Well... where do I start? Saying that this version of Shakespeare's classic is "too Hollywood" is insulting Hollywood. In fact, when I come to think what director in film history blew more literary classics, the name of George Cukor immediately comes to mind. Not that he was a bad director, he made very good movies such as The Philadelphia Story, but any time he touched a classic book, the result bit the big one.

We can blame David O'Selznick for the inclusion of 34-year-old Norma Shearer as Shakespeare's 13-year-old Juliet (and so, Leslie Howard as an equally olde Romeo), but we have to blame Mr. Cukor for having her act with a level of vomitive cuteness not reached even in the worst high school productions of the play. Come on, what's it with the introductory Bambi scene? Not even Disney would have done this to the Bard! This kind of cutesy-cute camp seems to be a Cukor trademark: any time I think of Elizabeth Allan as Clara Copperfield waving to Freddie Bartholomew as he leaves in Barkis' cart in the year before's "David Copperfield", I feel sick! Another of Georgie's trademarks I can't stomach is the inevitable adding of corny, unfunny comic reliefs. In this case, Edna May Oliver as the Nurse, and specially Andy Devine, turning Peter into a retard (as was Mr. Dick in the mentioned "Copperfield"). That's not the kind of witty humor that was present in some moments of the Bard's tragedy!

And speaking of that, and let me apologize if someone finds this homophobic, nothing further to my intention, but Cukor has a tendence to recreate sissy characters. I know he was gay, but that doesn't mean that he's authorized to turn what's maybe the play's most interesting supporting character, Mercutio, into RuPaul! John Barrymore's acting is terrible in this one. In fact, there's only an example of good acting here, and that's the always solid Basil Rathbone as Tybalt. Leslie Howard was a good actor, but all wrong for the part, and all the others rank from unmemorable to awful. And the sissiness goes on: all the film looks like a Wigstock celebration, with wicked gay touches, as making Rosaline (the girl Romeo raves about before meeting Juliet) an extremately plain-looking woman with not much attractive. This gay approach makes the film more of a travesty, independently from the theory about the Bard's homosexuality.

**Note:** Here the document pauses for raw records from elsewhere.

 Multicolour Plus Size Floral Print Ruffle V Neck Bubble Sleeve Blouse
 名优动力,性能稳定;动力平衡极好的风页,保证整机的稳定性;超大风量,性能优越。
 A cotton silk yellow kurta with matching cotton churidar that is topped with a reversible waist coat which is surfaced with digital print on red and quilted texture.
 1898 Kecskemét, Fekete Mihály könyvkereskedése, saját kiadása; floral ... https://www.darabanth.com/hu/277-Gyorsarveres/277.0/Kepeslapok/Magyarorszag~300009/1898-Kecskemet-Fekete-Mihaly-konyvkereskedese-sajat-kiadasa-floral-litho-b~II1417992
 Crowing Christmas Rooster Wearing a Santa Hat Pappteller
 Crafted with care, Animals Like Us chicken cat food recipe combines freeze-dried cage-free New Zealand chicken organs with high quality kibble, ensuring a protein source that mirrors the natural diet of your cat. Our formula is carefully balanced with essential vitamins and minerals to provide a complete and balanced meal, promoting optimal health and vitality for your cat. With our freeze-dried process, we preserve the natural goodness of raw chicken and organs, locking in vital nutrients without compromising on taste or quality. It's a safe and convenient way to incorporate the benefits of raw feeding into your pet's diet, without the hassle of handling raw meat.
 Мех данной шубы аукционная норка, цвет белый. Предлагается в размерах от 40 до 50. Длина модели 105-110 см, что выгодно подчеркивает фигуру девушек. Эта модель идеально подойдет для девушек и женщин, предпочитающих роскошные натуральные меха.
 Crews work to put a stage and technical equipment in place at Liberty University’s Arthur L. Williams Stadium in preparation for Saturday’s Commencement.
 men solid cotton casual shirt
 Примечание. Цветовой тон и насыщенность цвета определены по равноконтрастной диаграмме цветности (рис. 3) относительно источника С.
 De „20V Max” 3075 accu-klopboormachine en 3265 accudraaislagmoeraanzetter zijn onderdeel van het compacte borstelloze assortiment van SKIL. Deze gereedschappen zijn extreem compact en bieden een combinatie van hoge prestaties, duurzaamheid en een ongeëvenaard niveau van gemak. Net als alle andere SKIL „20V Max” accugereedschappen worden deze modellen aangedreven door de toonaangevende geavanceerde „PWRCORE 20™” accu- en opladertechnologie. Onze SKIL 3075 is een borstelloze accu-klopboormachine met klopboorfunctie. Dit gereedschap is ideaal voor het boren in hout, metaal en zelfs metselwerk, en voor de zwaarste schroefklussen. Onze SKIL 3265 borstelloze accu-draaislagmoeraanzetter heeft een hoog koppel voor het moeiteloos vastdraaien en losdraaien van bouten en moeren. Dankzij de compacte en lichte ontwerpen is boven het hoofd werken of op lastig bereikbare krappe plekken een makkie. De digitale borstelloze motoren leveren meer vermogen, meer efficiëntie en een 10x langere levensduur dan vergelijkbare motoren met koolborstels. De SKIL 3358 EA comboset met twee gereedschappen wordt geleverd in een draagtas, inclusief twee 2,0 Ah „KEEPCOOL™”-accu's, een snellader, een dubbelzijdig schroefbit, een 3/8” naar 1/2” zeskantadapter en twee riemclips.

However, people seems to like the film because it respects the text of the play almost verbatim. But I wouldn't care if they changed or cut things out, if they respected the spirit of the classic: it's about teen angst, people. Read the book. You can have the full text, but I think the subtext is even more important. And there's no subtext in this version, at least not the one Shakespeare intended.

My question is: has this play ever been accurately adapted to the big or small screen? It's much more than a pompous love story...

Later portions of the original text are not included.